Logical positivism, in the formal sense, began from discussions of a group known as the First Vienna Circle which gathered during the earliest years of the 20th century in Vienna at the Café Central. After World War I, Hans Hahn, a member of that early group, helped bring Moritz Schlick to Vienna. Schlick's Vienna Circle, along with Hans Reichenbach's Berlin Circle, propagated the new doctrines more widely during the 1920s and early 1930s. It was Otto Neurath's advocacy that made the movement self-conscious and more widely known. A 1929 pamphlet written by Neurath, Hahn, and Rudolf Carnap summarized the doctrines of the Vienna Circle at that time. The doctrines included the opposition to all metaphysics, especially ontology and synthetic a priori propositions; the rejection of metaphysics not as wrong but as having no meaning; a criterion of meaning based on Ludwig Wittgenstein's early work; the idea that all knowledge should be codifiable by a single standard language of science; and above all the project of rational reconstruction, in which ordinary-language concepts were gradually to be replaced by more precise equivalents in that standard language.

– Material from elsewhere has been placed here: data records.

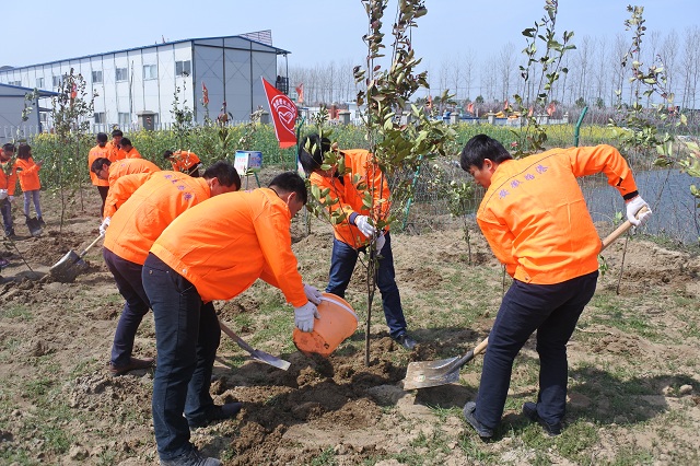 春回大地萬(wàn)物蘇,植樹添綠正當(dāng)時(shí)。為踐行環(huán)保理念,項(xiàng)目部團(tuán)支部于3月21日組織了植樹活動(dòng)。大家統(tǒng)一著裝,佩戴志愿者徽章,高揚(yáng)“建工青年志愿者服務(wù)隊(duì)”隊(duì)旗,在拌和站及項(xiàng)目部附近的空地上種植了近500棵樹苗?;顒?dòng)中,志愿者們積極行動(dòng),干得熱火朝天,大家三五人一組,揮鍬鏟土,扶苗填坑,踏土夯苗,認(rèn)真完成每一道工序??粗恢曛辍扒嗄曛驹笜洹背晒υ苑N,大家都露出了會(huì)心的笑容,項(xiàng)目部也在喜添新綠后變得生機(jī)盎然。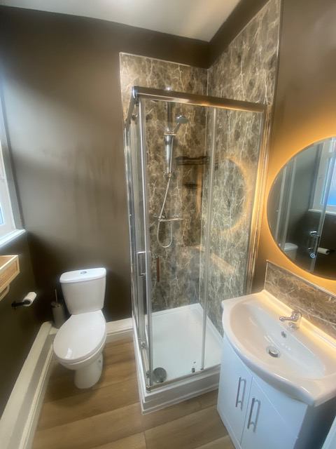 Luxury ensuite with shower, WC, basin, towel rail, lit mirror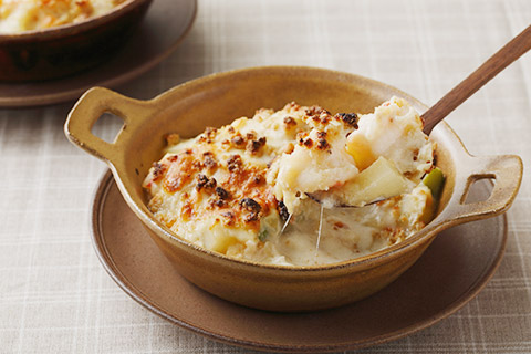 すっきり味の信州みそと、まったり味の白甘みそを合わせてホワイトソース系のソースを作り、和洋折衷のグラタンにしました。牛乳のにおいが苦手な方でも、みそのマスキング効果(臭み成分を包み込む効果)でおいしく食べられます。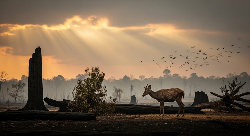 Wide forest fires have displaced innumerous creatures, destroying nesting grounds and food sources. Wildlife recuperation centers are overwhelmed, and long-term ecological damage is becoming a major public concern.
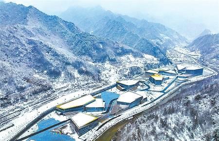 從縣城驅(qū)車不過半小時的車程,一路青松白雪,生機盎然。在游客中心,只見一大片水面倒映山川,文房四寶寫意排布,“四水歸堂”巧奪天工,龍軀接連兩岸山勢,天地舒卷,日月提筆,步履為印,山水著墨,我們決定從這里開啟冬日青龍山之旅。

During the early 1930s, the Vienna Circle dispersed, mainly because of political upheaval and the untimely deaths of Hahn and Schlick. The most prominent proponents of logical positivism emigrated to the United Kingdom and the United States, where they influenced American philosophy considerably. Until the 1950s, logical positivism was the leading school in the philosophy of science. During this period, Carnap proposed a replacement for the earlier doctrines in his The Logical Syntax of Language. This change of emphasis and the somewhat different opinions of Reichenbach and others resulted in a consensus that the English name for the shared doctrine, in its American exile from the late 1930s, should be "logical empiricism."

Contents

Summary

During the late 1920s, '30s, and '40s, Bertrand Russell and Ludwig Wittgenstein's formalism was developed by a group of philosophers in Vienna and Berlin, who formed the Vienna Circle and Berlin Circle into a doctrine known as logical positivism (or logical empiricism). Logical positivism used formal logic to underpin an empiricist account of our knowledge of the world.[2] Philosophers such as Rudolf Carnap and Hans Reichenbach, along with other members of the Vienna Circle, claimed that the truths of logic and mathematics were tautologies, and those of science were verifiable empirical claims. These two constituted the entire universe of meaningful judgements; anything else was nonsense.

The claims of ethics and aesthetics were subjective preferences. Theology and other metaphysics were pseudo-statements, neither true nor false, simply meaningless nonsense. Karl Popper's insistence upon the role of falsification in the philosophy of science was a reaction to the logical positivists.[3] With the rise of Adolf Hitler and National Socialism in Germany and Austria, some members of the Vienna and Berlin Circles fled Germany, mainly to Britain and the USA, which helped to reinforce the dominance of logical positivism and analytic philosophy in the Anglophone world.[4]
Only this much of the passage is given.